Ory Shihor was a major force in creating the Music Academy, recognizing the need to support highly-talented, pre-college age students who seek to continue their music studies at a conservatory level. Mr. Shihor produces the annual Colburn Piano Festival, which attracts applicants from around the world to its two-week summer immersion program, and is also a faculty member in the Colburn Conservatory’s piano department.
Mr. Shihor is a winner of the Young Concert Artists International Auditions, a prize winner at the 9th Arthur Rubinstein International Piano Master Competition and was the first prize winner at the Washington International Piano Competition.
Mr. Shihor’s performances include recitals at the Kennedy Center and at the Phillips Collection in Washington D.C., as well as at the Chautauqua Music Festival. In addition, he has performed at the 92nd Street Y, in recitals for the Frick Collection and other venues in New York City. Mr. Shihor’s past appearances have included the Ravinia “Rising Star” Series, and the Newport Music Festival, in addition to recitals across North America. In eight critically-acclaimed concerts, Shihor performed the entire 32 Beethoven sonata cycle in Los Angeles.
Among his extended engagements with orchestras, Mr. Shihor appeared as the featured guest soloist with the Liege Royal Philharmonic of Belgium on their 15-concert North American tour, under Music Director Pierre Bartholomee. His international concerts have included appearances in Germany, Spain, Israel, and the Edinburgh Festival in Scotland.
Born in Tel Aviv, Israel, Mr.

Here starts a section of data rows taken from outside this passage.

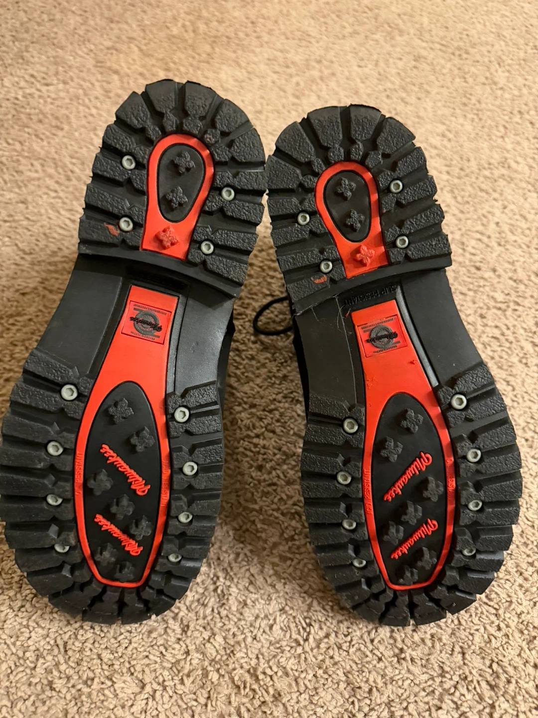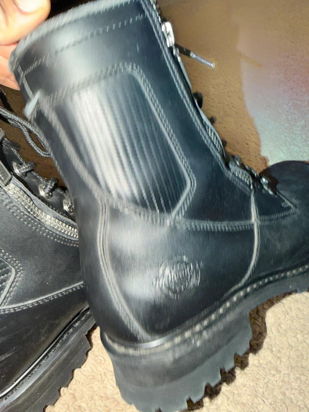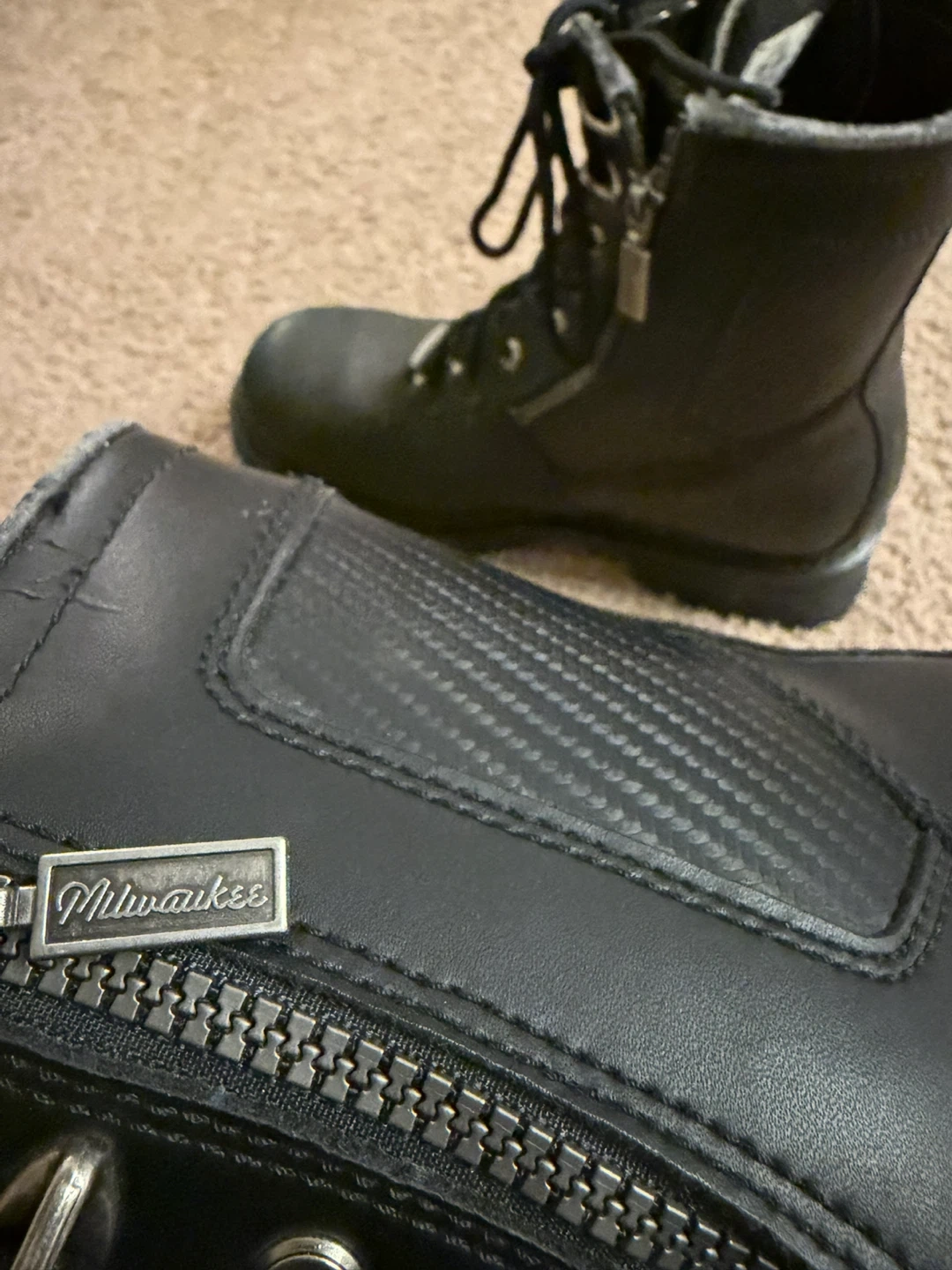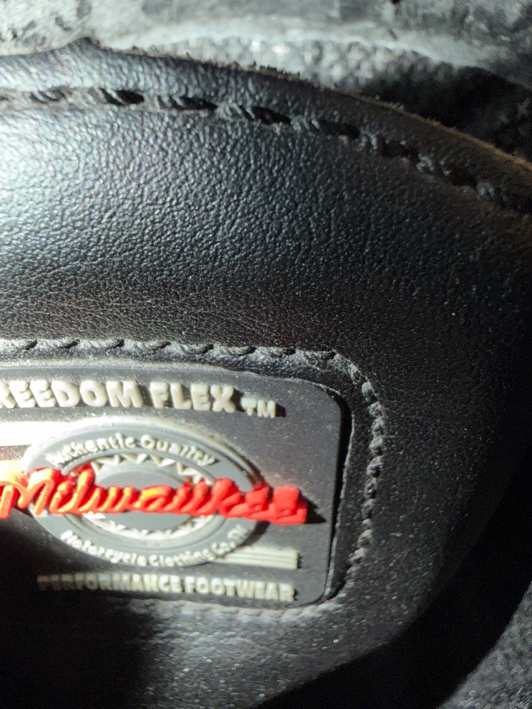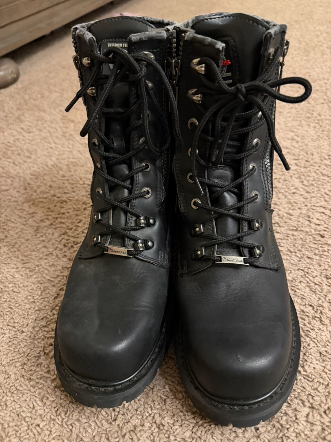 Milwaukee Performance Footwear motorcycle boots. Black leather construction with side zippers and laces. Features 'Freedom Flex' and 'Authentic Quality' branding. Oil and slip-resistant sole.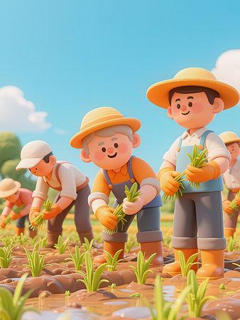 3d illustration of a group of farmer planting seedlings in the field
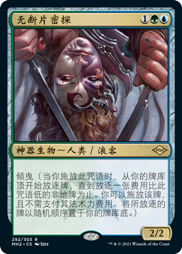 - 在备牌局,无断片密探在有锐敏的时候,可以在翻出锐敏后手里没有其他倾曳源时,用锐敏异能把无断片密探放在牌库顶,然后通过欧娜斯或者醒转暗礁的异能抓上手。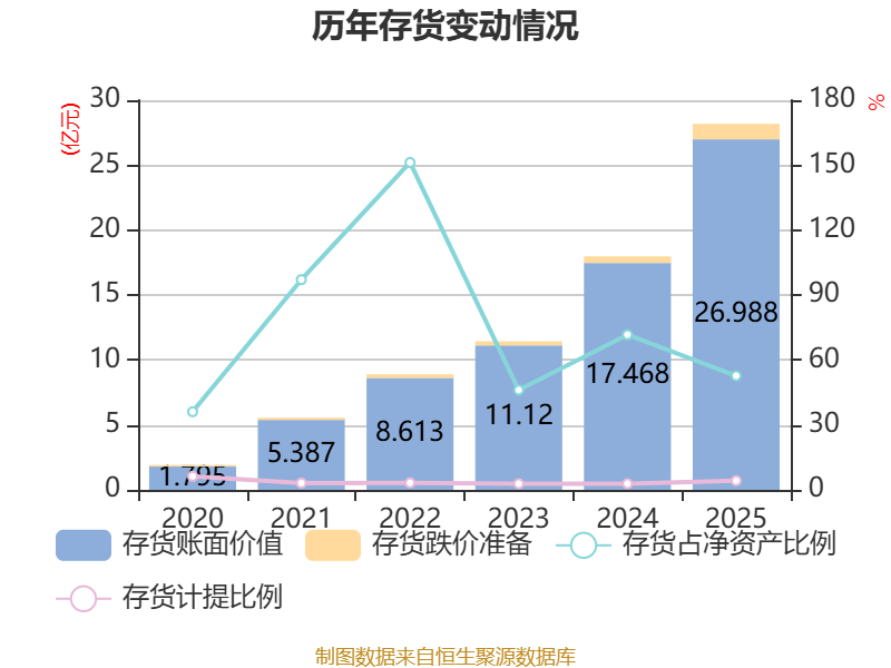 从存货变动来看,截至2025年末,公司存货账面价值为26.99亿元,占净资产的52.71%,较上年末增加9.52亿元。其中,存货跌价准备为1.19亿元,计提比例为4.24%。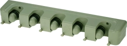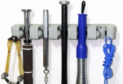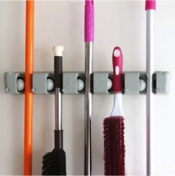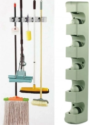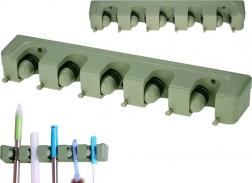 A fali tartó mopok és seprűk számára ideális segítő minden háztartás vagy garázs számára. Öt állítható nyílással és hat kis kampóval elegendő helyet biztosít kefék, mopok és más tisztítóeszközök tárolására. Tartós műanyagból készült, erősen fogja a különböző átmérőjű rudakat, így széles körben alkalmazható otthoni és kerti eszközök tárolására.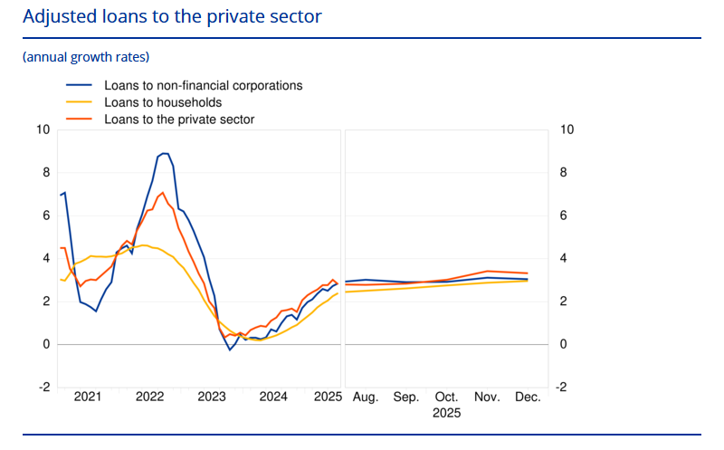 Sul fronte macro, di rilevante solo il bollettino ECB con gli aggregati di credito di Dicembre, che ha visto un lieve rallentamento del credito alle aziende. Il tasso di crescita annuo dei prestiti al settore privato si è attestato al 3,3% a dicembre, rispetto al 3,4% di novembre. Tra i settori , il tasso di crescita annuo dei prestiti rettificati alle famiglie è stato del 3,0% a dicembre, rispetto al 2,9% di novembre, mentre il tasso di crescita annuo dei prestiti rettificati alle società non finanziarie si è attestato al 3,0%, contro il 3,1% di novembre. Nulla di particolarmente rilevante, come mostra il grafico sotto.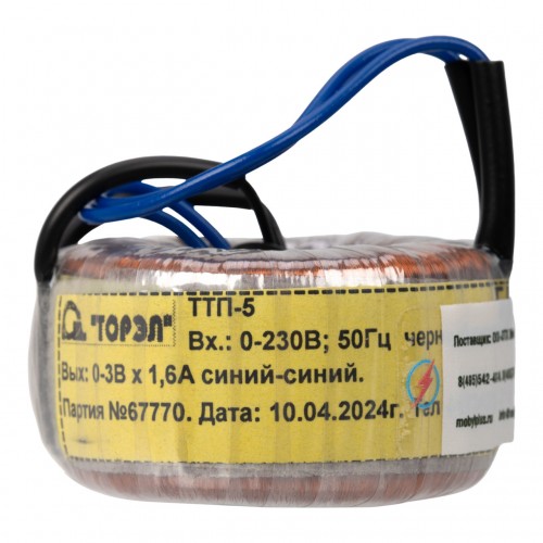 - Модель:Тороидальный трансформатор ТОРЭЛ ТТП-5 230В 3В 1,6 А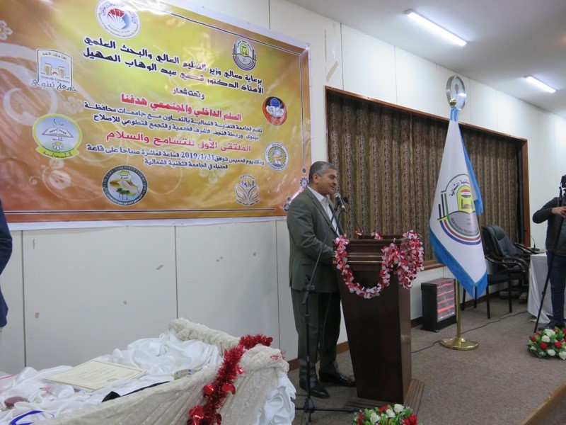 نظمت الجامعة التقنية الشمالية الملتقى الأول للتسامح والسلام، بمشاركة رؤساء جامعات الموصل ومسؤولي منظمات المجتمع المدني .

Shihor was a recipient of the America-Israel Cultural Foundation scholarships from the age of 12. At 15, he came to the United States to study with Jorge Bolet at the Curtis Institute of Music, and later graduated from the Juilliard School in New York, where he was a recipient of the prestigious Gina Bachauer Prize. He earned his Master of Music degree from the University of Southern California’s Thornton School of Music. His other teachers have included Emanuel Krasovsky, John Perry and Russell Sherman.